如果你想用16个三角形画一个圆,你需要17个顶点;一个用于圆的每个角,一个用于中心。然后,您必须使用 48 个索引来告诉 D3D 它应该如何连接这些顶点。然后,您可以调用DrawIndexed来绘制三角形。您还可以使用三角形条带,这是一种不同的原始拓扑,并且使用的索引略少。 请参阅本教程,了解如何创建顶点和索引缓冲区。

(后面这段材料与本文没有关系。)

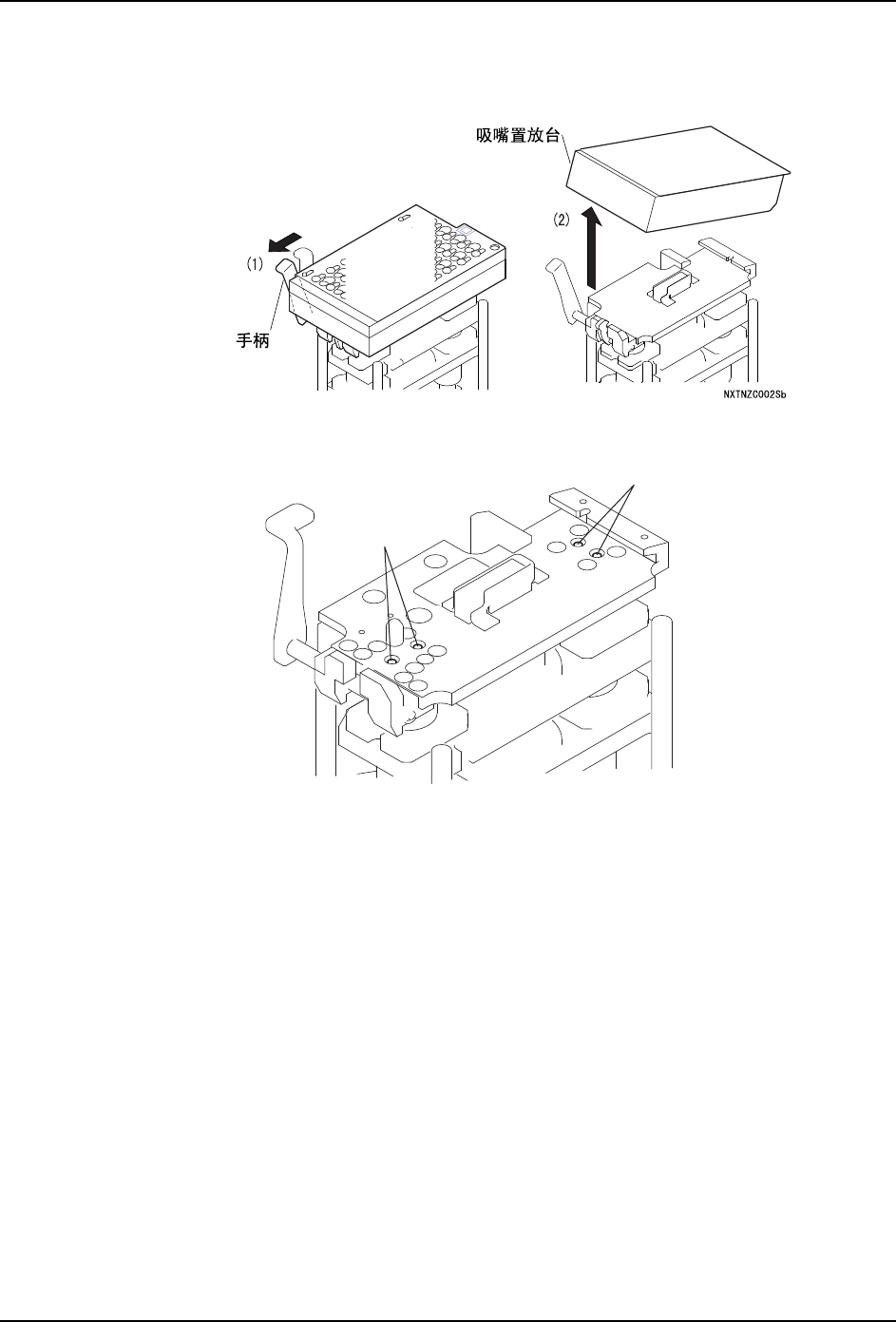 2. 请拆除吸嘴置放台。(关于详细内容请参考 「4.3 拆除 / 安装吸嘴置放台」)

如你所说,使用for循环。假设你想要 10 个三角形。一个圆中有 2pi 弧度,所以 2pi/10 是每个三角形的角度。让我们计算一下:

int n = 10; // number of triangles
SimpleVertex* vertices = malloc(sizeof(SimpleVertex) * 10 * 3); // 10 triangles, 3 verticies per triangle
float deltaTheta = 2*pi / n; // Change in theta for each vertex
for( int i = 0; i < n; i++ ) {
int theta = i * deltaTheta; // Theta is the angle for that triangle
int index = 3 * i;
vertices[index + 0] = SimpleVertex(0, 0, 0);
// Given an angle theta, cosine [cos] will give you the x coordinate,
// and sine [sin] will give you the y coordinate.
// #include <math.h>
vertices[index + 1] = SimpleVertex(cos(theta), sin(theta), 0);
vertices[index + 2] = SimpleVertex(cos(theta + deltaTheta), sin(theta + deltaTheta), 0);
}

注意:

可以想象,许多顶点将重叠。(0, 0, 0( 始终相同,一个三角形的最后一个顶点等于下一个三角形的第二个垂直点。我将留给您进行优化,首先让它工作,以便您了解正在发生的事情。如果您不熟悉三角,请查找单位圆。或者只是接受cos/sin被定义为给定度数(或者更确切地说,弧度(的圆的x和y坐标。您必须等到您的教程介绍如何指定每个三角形首先使用的顶点。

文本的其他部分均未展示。